A madrugada de 1200 horas: entre uma dor de barriga e um câncer

Atualizado em 10 de novembro de 2014 às 15:50

AFTERDEATH

Passa um pouco da uma da manhã. Desligo o telefone. Falava com uma amiga. Deito à espera costumeira de uma indicação se vou conseguir dormir logo ou se devo me ocupar e tentar mais tarde. “Tente mais tarde, você ainda não está com sono”, penso – o que não é um problema, posto que é a resposta mais comum.

Meu pai e minha irmã dormem no quarto ao lado. Ou talvez tentem, notívagos como eu. Pai mora fora da cidade, mas passa uns tempos aqui em casa. Quando ele vem a São Paulo, Irmã fica com ele. Geralmente passam o dia absortos no gosto mútuo pela leitura.

A esta altura, alguns minutos se passaram desde que desligara com Amiga, e começo a sentir uma dor na barriga. É leve. É confusa. Hora parece estar nas costas, hora no abdômen.

Procuro um analgésico e não encontro. A lógica, junto com alguma preguiça, me convence que eu devo esperar passar. Sempre passou, afinal. Mas isso não dura muito. Perto das três horas, sentindo a dor muito mais forte e incapaz de ir à drogaria que fica há uns 200 metros de casa, sigo ao quarto onde Pai e Irmã estão instalados.

Pai dorme. Irmã está acordada. “Cá, vamos comigo à farmácia? Estou com uma dor muito forte”, balbucio. Pai acorda imediatamente, o que é estranho. Não acho que teria acordado se eu tivesse falado “vamos assistir um filme”, mas “dor” ou “vamos à farmácia” parece ter ligado um botãozinho de emergência nele.

Irmã se prontifica ir. Pai considera pronto-socorro. Não que eu não tivesse feito a mesma consideração, mas pensava em tentar um Buscopan antes. Preguiça, novamente.

Pai insiste no pronto-socorro, e eu topo. Vamos a um cujos médicos não me inspiram muita confiança, mas é perto de casa, tem atendimento rápido e é coberto pelo plano de saúde. E, afinal, é só uma dor de barriga, não é nenhum câncer.

No caminho, talvez pelo balançar do carro, a dor se intensifica. Já era forte, mas agora ficara realmente intensa, daquelas que você só é capaz de suportar se contorcendo e fazendo careta. Ali, eu tinha certeza que havia algo realmente errado acontecendo. Não podia ser uma bobagem qualquer.

No hospital, algumas possibilidades de diagnóstico são apontadas pelo médico. As mais prováveis eram intestino obstruído, pedra no rim descendo pelo canal de cujo nome não lembro agora e apendicite. O exame confirma apendicite.

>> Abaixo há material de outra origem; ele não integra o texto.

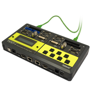 它不僅能測試線材並判別斷路、短路、交叉、反線或錯絞等錯誤,並可以引腳對引腳(Pin-to-pin)方式顯示並且可儲存100筆測試結果。所測試的資料可透過USB連接器上傳至電腦進行分析。透過面板上的LCD螢幕 (具有背光功能),用戶可以很輕易有效判別線材錯誤情況。TEST–i為一款結合快速偵測及顯示線材引腳對引腳(Pin-to-pin)對應情形的完美工具。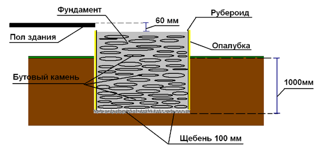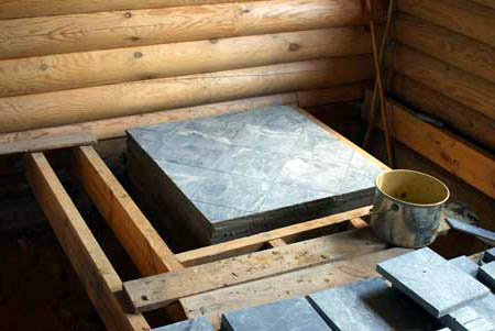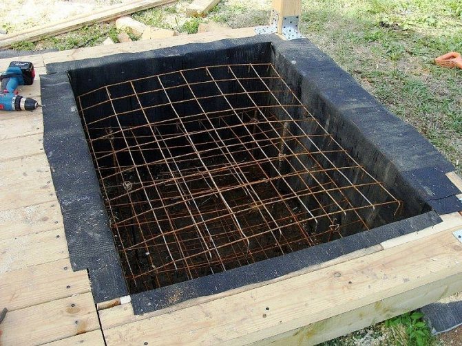 - Изграждане на основата. Като материал за зидария се използват развалини или червена тухла. Височината му не трябва да е по-висока от пода и е задължително да има хидроизолация, за да се предотврати навлизането на влага в основата. При изграждането на фундамент, направен от развалини, горните два реда са изложени с тухли. За изграждането на бетонна основа се приготвя специално решение с добавяне на пясък и чакъл смес, която трябва да бъде четири пъти повече от Портланд цимент. Това решение трябва да бъде подсилено с армираща мрежа. Може да се купи готов или заварен от метални пръти с напречно сечение 8 мм, като се запояват заедно на разстояние 100 или 150 мм.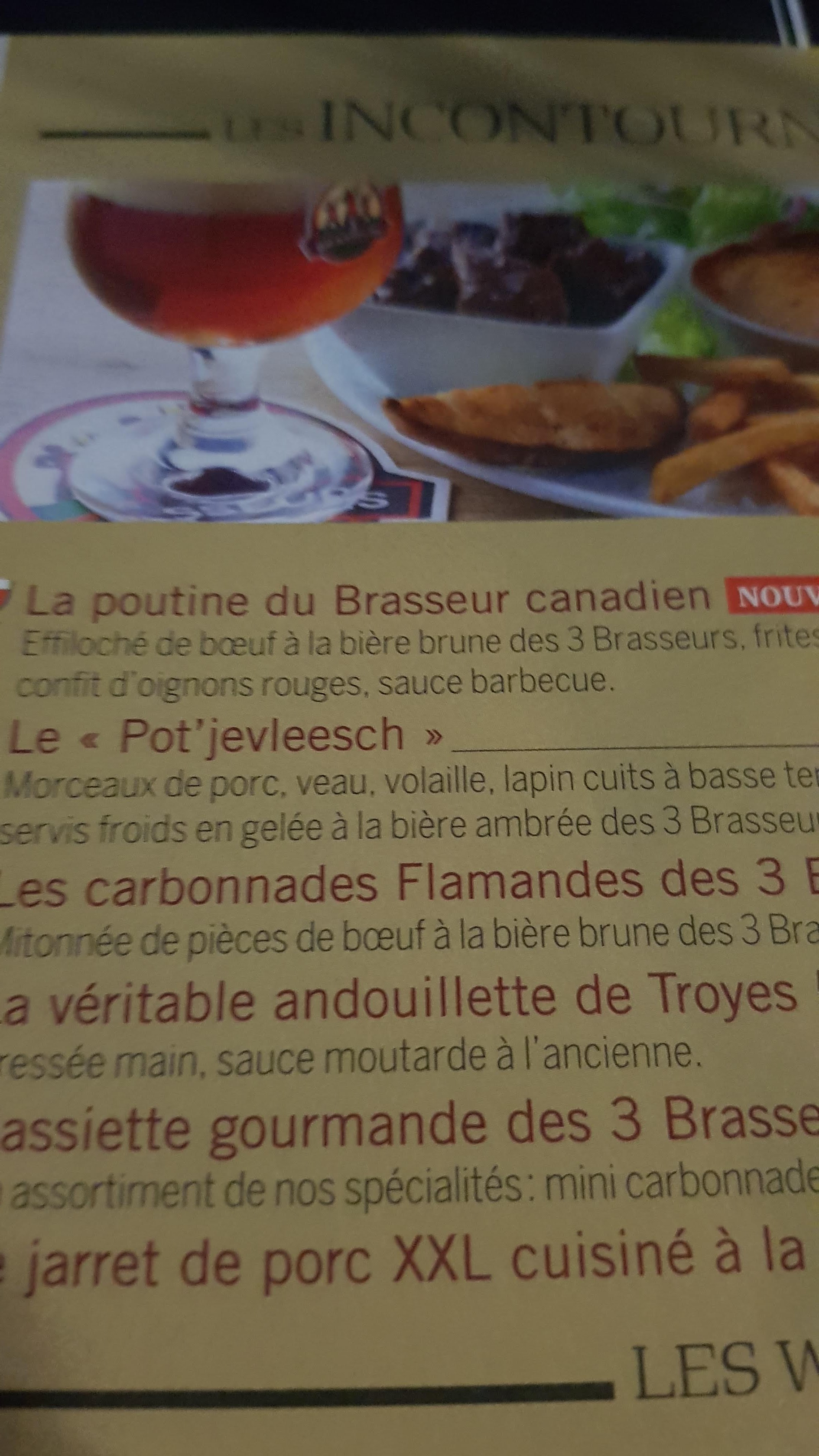 Pour toutes personnes qui aime les bonne bières brasse maison... et les bon plat chti et de l'est de la France... Je vous le conseil vivement... et en plus petite nouveauté sur la carte des spécialistes québécoise... avec la poutine des 3 brasseurs qui es excellente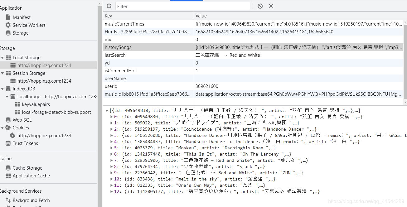 if (typeof(Storage) !== "undefined") { //浏览器支持Storage或隐私模式吗?if (localStorage.getItem("historySongs")) { //先看看历史歌单的键值是否已创建historySongs = JSON.parse(localStorage.getItem("historySongs")); } else { //历史歌单不存在时,一般用户第一次进到你页面(或者请过缓存)肯定不存在,所以需要加这个判断historySongs = [];}var isE = false;//这里是判断在听的歌曲是否包含在历史歌曲里,不用管for (let historySong of historySongs) {if (historySong.id === music_id) {isE = true;break;}}if (!isE) {historySongs.push(e.jPlayer.status.media);localStorage.setItem("historySongs", JSON.stringify(historySongs));//设置历史歌曲}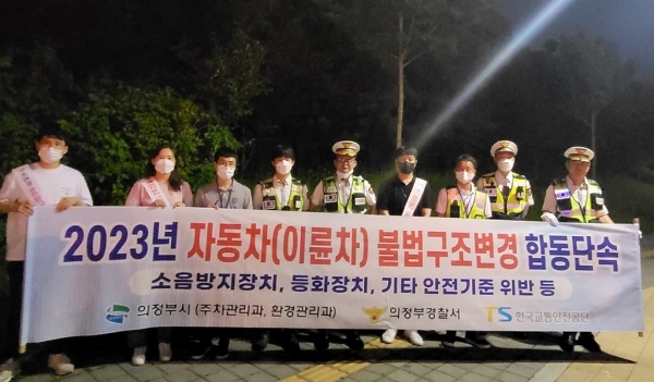 [금요저널] 의정부시는 6월 20일 의정부경찰서 한국교통안전공단 경기북부본부와 송양고등학교 인근 도로에서 불법 튜닝 이륜차에 대한 야간 합동단속을 실시했다.

“Essa é uma cirurgia de urgência, pois há risco de supurar”. Supurar, para quem não sabe, é estourar o apêndice, fazendo com que comida e fezes entrem em contato com o interior do abdômen. Eu não sabia, aprendera ali. “Por isso o cirurgião já está a caminho”, acrescentou.

Muito bem.

Eu nunca havia feito nenhuma cirurgia. Sempre tive pavor de anestesia geral, porque 1: já tive péssimas respostas psíquicas a drogas, razão pela qual sequer bebo há quase dez anos. E 2: tenho um conhecido, irmão de um velho amigo, que teve um problema sério com anestesia. Ele, uma pessoa perfeitamente normal, passou a operar mentalmente como uma pessoa sindrômica, embora a doçura jamais tenha deixado sua personalidade.

“Espera aí”, digo ao médico. Precisava assimilar aquilo e pensar – não sei se quero este hospital, muito menos um cirurgião que não conheço.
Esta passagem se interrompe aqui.